Your answer must be the line containing "早饭后,下天海。继续前行上鳌" and each following line to the end of the listing below, copied exactly, with pictures removed and nothing added.

PROVIDED DATA:
--- START ---

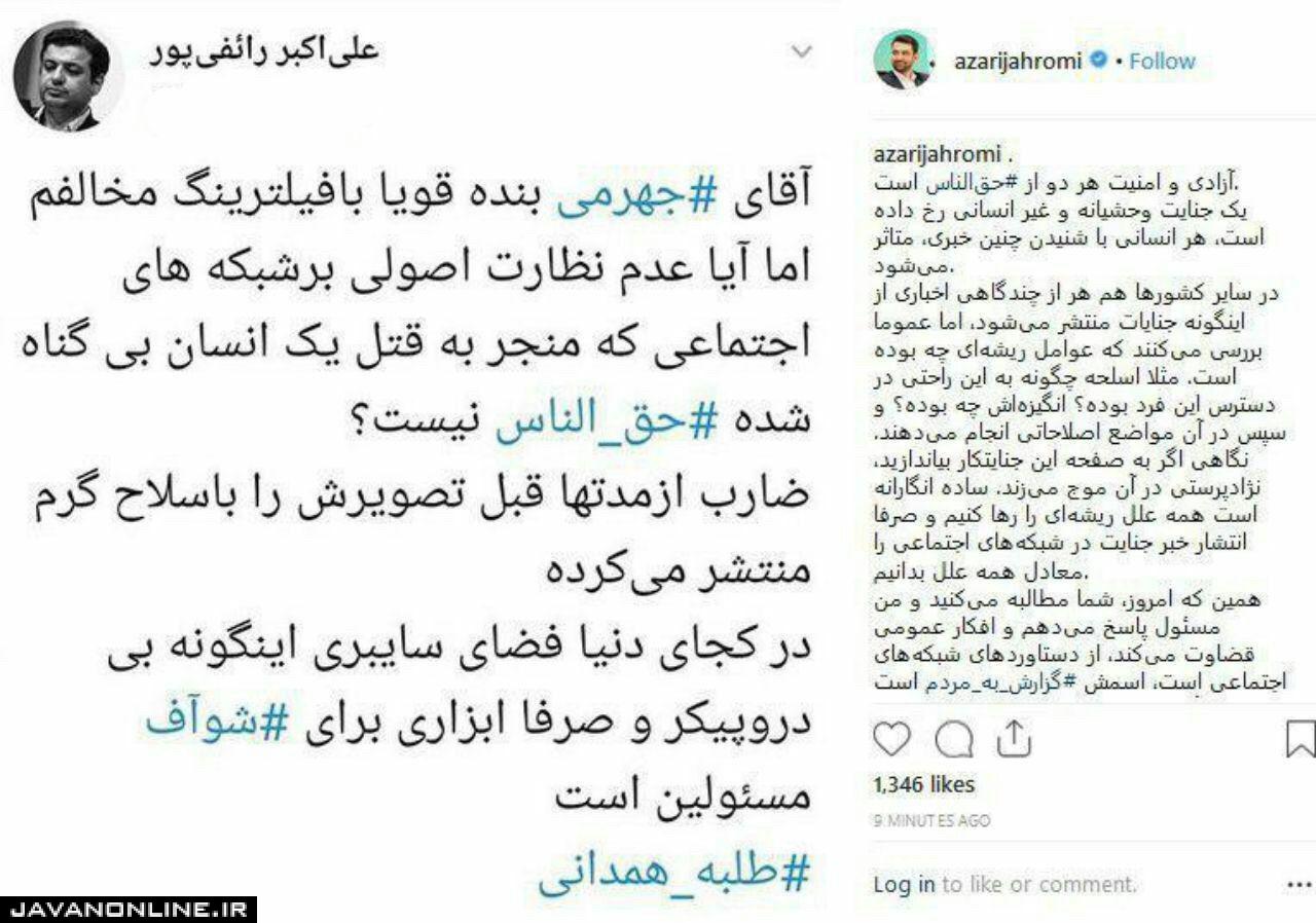 به گزارش جوان آنلاین، محمدجواد آذری جهرمی در واکنش به قتل طلبه همدانی عکس یک توئیت را در صفحه خود در اینستاگرام منتشر کرد و نوشت: «-آزادی و امنیت هر دو از حقالناس است
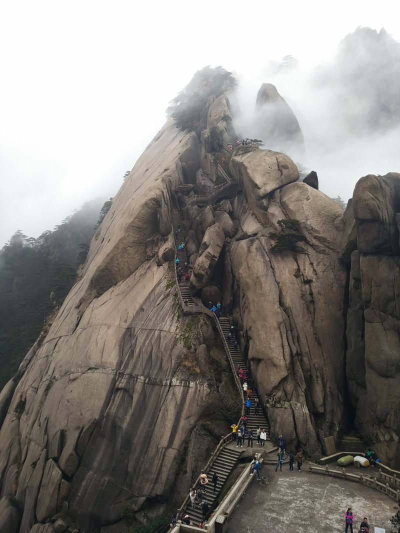 早饭后,下天海。继续前行上鳌鱼峰,下鳌鱼洞,爬百步云梯,到达莲花亭。(需要两个小时)
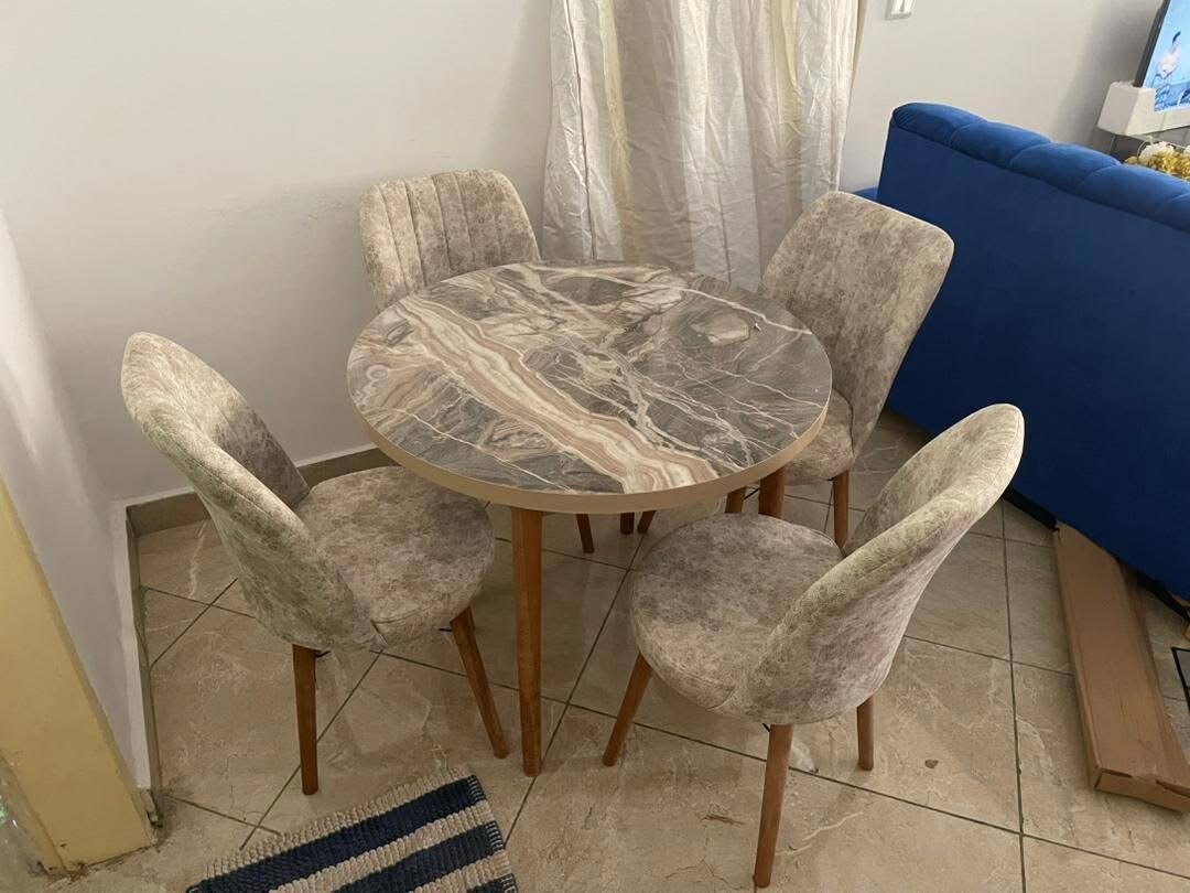 Optez pour cet élégant ensemble comprenant une table ronde et quatre chaises confortables. Parfait pour votre salle à manger ou cuisine. Design moderne, matériaux robustes et faciles à entretenir. Idéal pour des repas conviviaux en famille ou entre amis. Ajoutez du style à votre intérieur avec ce mobilier chic et fonctionnel.

--- END ---

EXPECTED ANSWER:
 早饭后,下天海。继续前行上鳌鱼峰,下鳌鱼洞,爬百步云梯,到达莲花亭。(需要两个小时)
 Optez pour cet élégant ensemble comprenant une table ronde et quatre chaises confortables. Parfait pour votre salle à manger ou cuisine. Design moderne, matériaux robustes et faciles à entretenir. Idéal pour des repas conviviaux en famille ou entre amis. Ajoutez du style à votre intérieur avec ce mobilier chic et fonctionnel.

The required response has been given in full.